00:24:51.080 Throughout this talk, I emphasized various caching mechanisms and their role in optimizing web application performance. For anyone looking to dig deeper, I recommend checking out my GitHub for source code and references to the specifications that outline how to effectively implement caching in HTTP. In particular, certain papers encapsulate detailed information on caching strategies. If there are any questions about what I covered or specific implementations, I am here to clarify and assist.

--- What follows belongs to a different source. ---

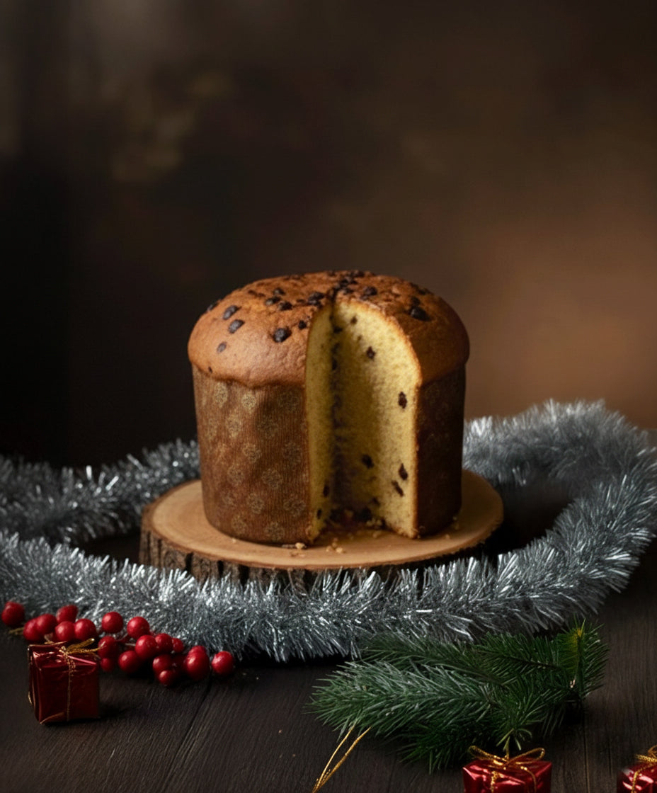 Panettone is a traditional Italian sweet bread, soft and airy, filled with candied fruits and raisins.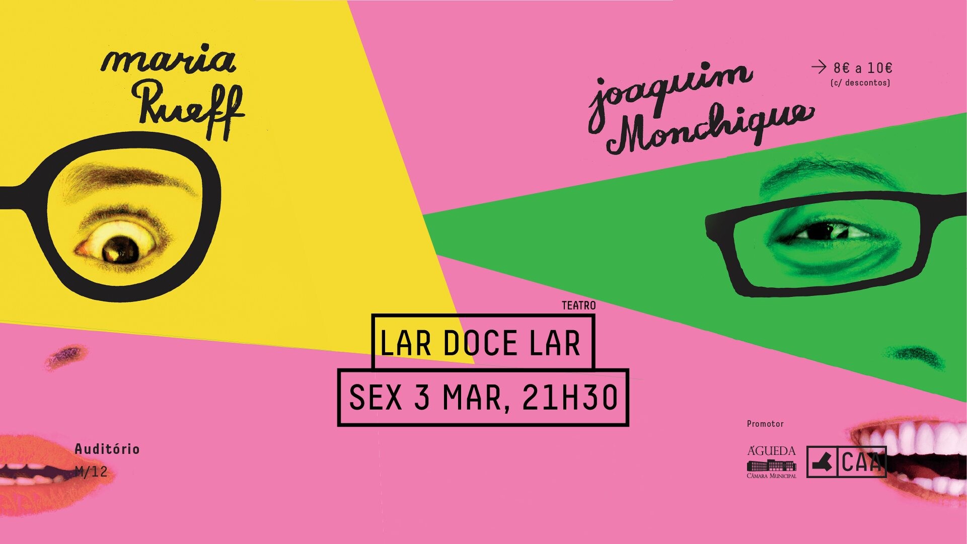 “Lar Doce Lar”, o espetáculo que juntou pela primeira vez em palco Joaquim Monchique e Maria Rueff, está de regresso à estrada! Duas idosas que partilham um quarto na Residência Sénior Antúrios Dourados embarcam numa competição desmedida por um quarto particular após a “partida” da sua anterior ocupante. Com o brilhantismo cómico a que já nos habituaram, Maria Rue¤ e Joaquim Monchique desdobram-se em múltiplas personagens e levam-nos numa viagem atribulada e hilariante pelos quatro cantos deste doce lar. “Lar Doce Lar” estreou originalmente em 2012. Com um texto vibrante, reforçado pela vivacidade e inteligência das interpretações de Rueff e Monchique, alcançou rapidamente um grande sucesso junto do público que se viria a repetir em 2015.

00:28:42.490 To summarize, if you’re using Cache-Control with private, cache behavior will differ based on user agent settings. It’s important to consider implications, especially when scaling applications across multiple servers with caching proxies. Rails produces header defaults that cater to worst-case behavior, but it’s equally necessary to tweak settings for optimal performance according to individual application needs. Understanding these nuances within caching can significantly enhance the efficiency and user experience of your web applications. Thank you for your time! If there are any further questions or discussions about caching or specific implementations, I’m more than happy to engage.

00:30:56.230 Before closing, let’s address any lingering questions or thoughts. I appreciate your engagement, and I hope this presentation has equipped you with valuable insights into HTTP and caching practices that can enhance your web development efforts.